■ Task directions
Please reproduce the lines from the one containing "短期間で相場が大きく跳ね上がっている点が特徴的です。" through the end of the data below exactly as they stand, and omit all pictures.
START Data supplied
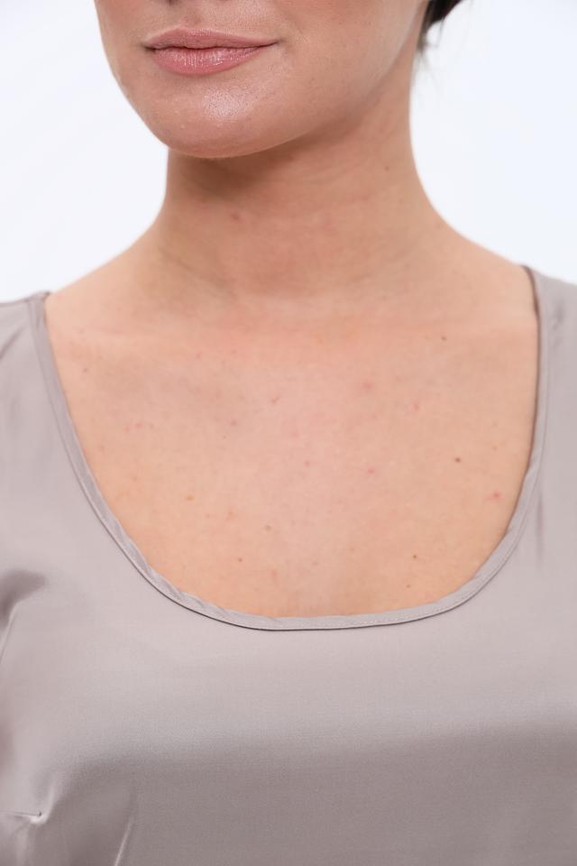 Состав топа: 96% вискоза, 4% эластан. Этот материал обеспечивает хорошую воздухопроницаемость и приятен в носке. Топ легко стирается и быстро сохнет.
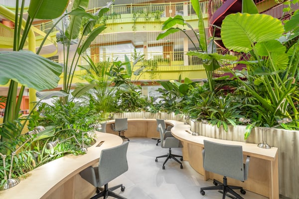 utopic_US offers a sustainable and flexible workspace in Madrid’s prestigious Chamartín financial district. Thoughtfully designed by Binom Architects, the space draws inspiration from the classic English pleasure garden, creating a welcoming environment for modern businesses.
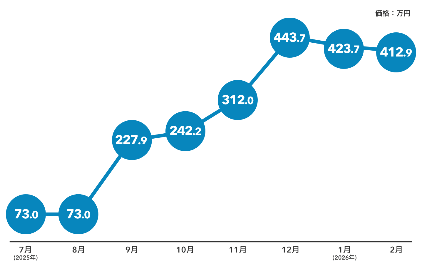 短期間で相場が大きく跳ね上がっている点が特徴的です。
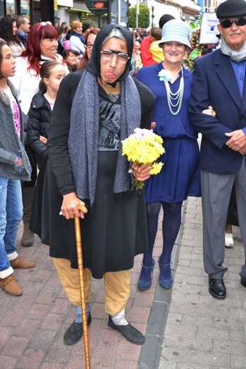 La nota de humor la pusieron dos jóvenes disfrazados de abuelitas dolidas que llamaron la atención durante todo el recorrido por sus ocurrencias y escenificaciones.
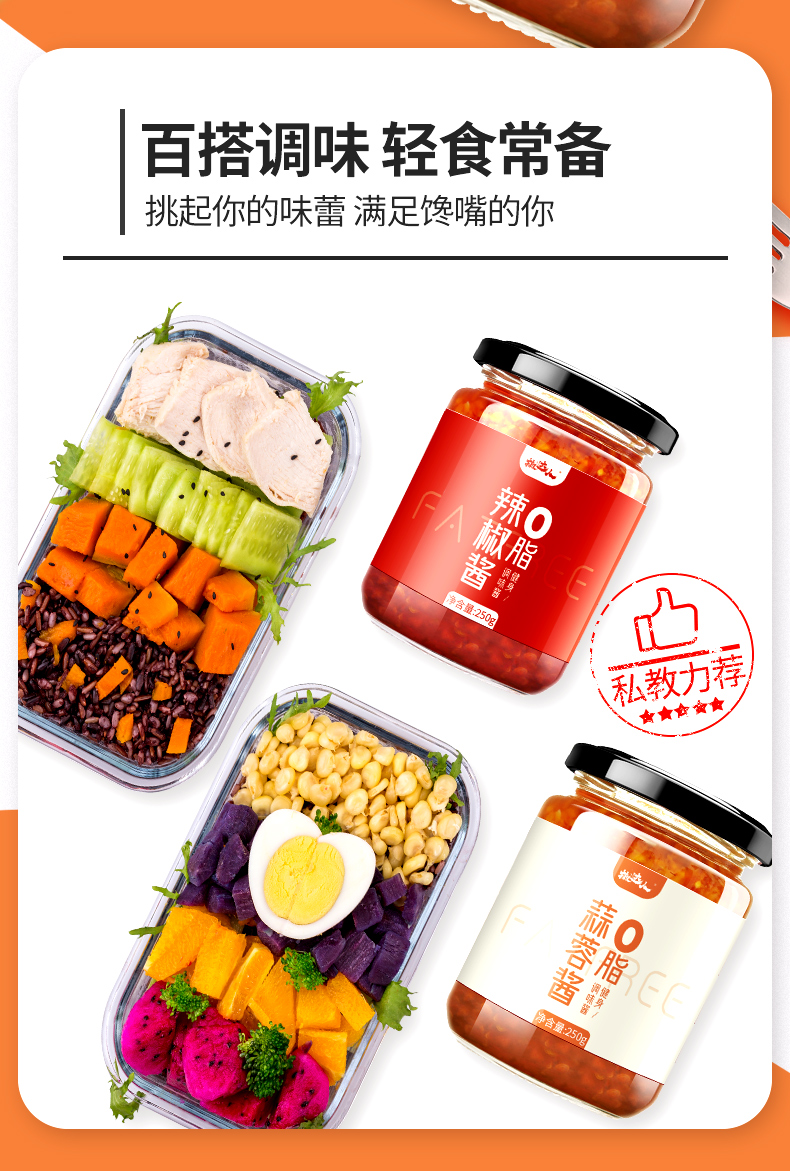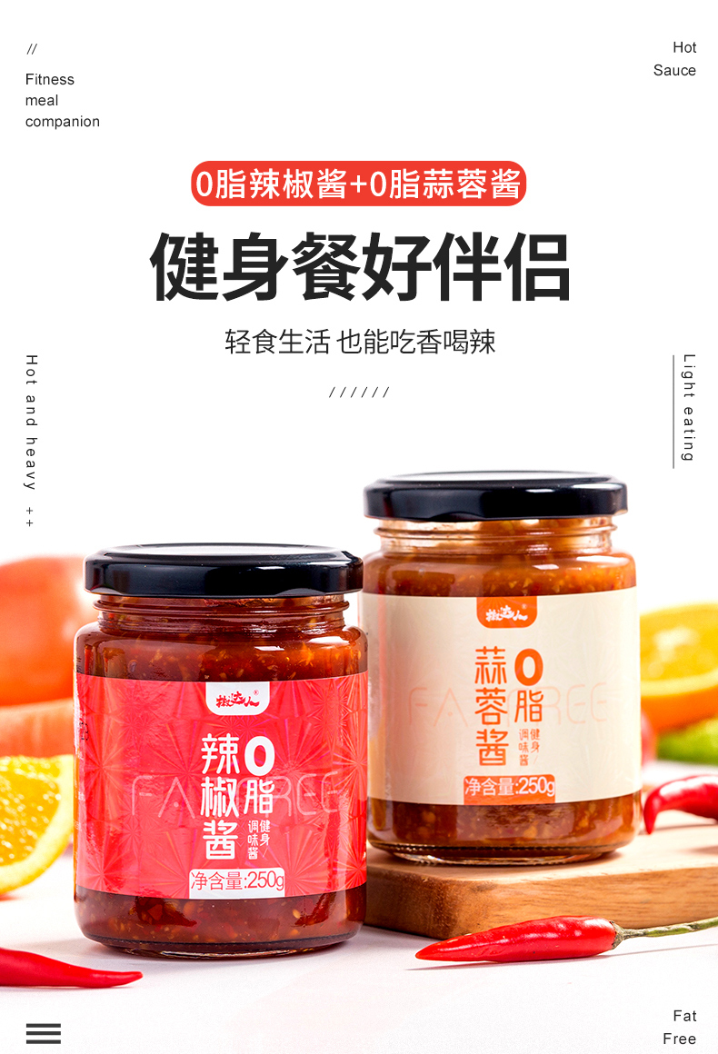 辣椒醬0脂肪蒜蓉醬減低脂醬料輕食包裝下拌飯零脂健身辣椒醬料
END Data supplied
■ Solution to this exercise
 短期間で相場が大きく跳ね上がっている点が特徴的です。
 La nota de humor la pusieron dos jóvenes disfrazados de abuelitas dolidas que llamaron la atención durante todo el recorrido por sus ocurrencias y escenificaciones.
 辣椒醬0脂肪蒜蓉醬減低脂醬料輕食包裝下拌飯零脂健身辣椒醬料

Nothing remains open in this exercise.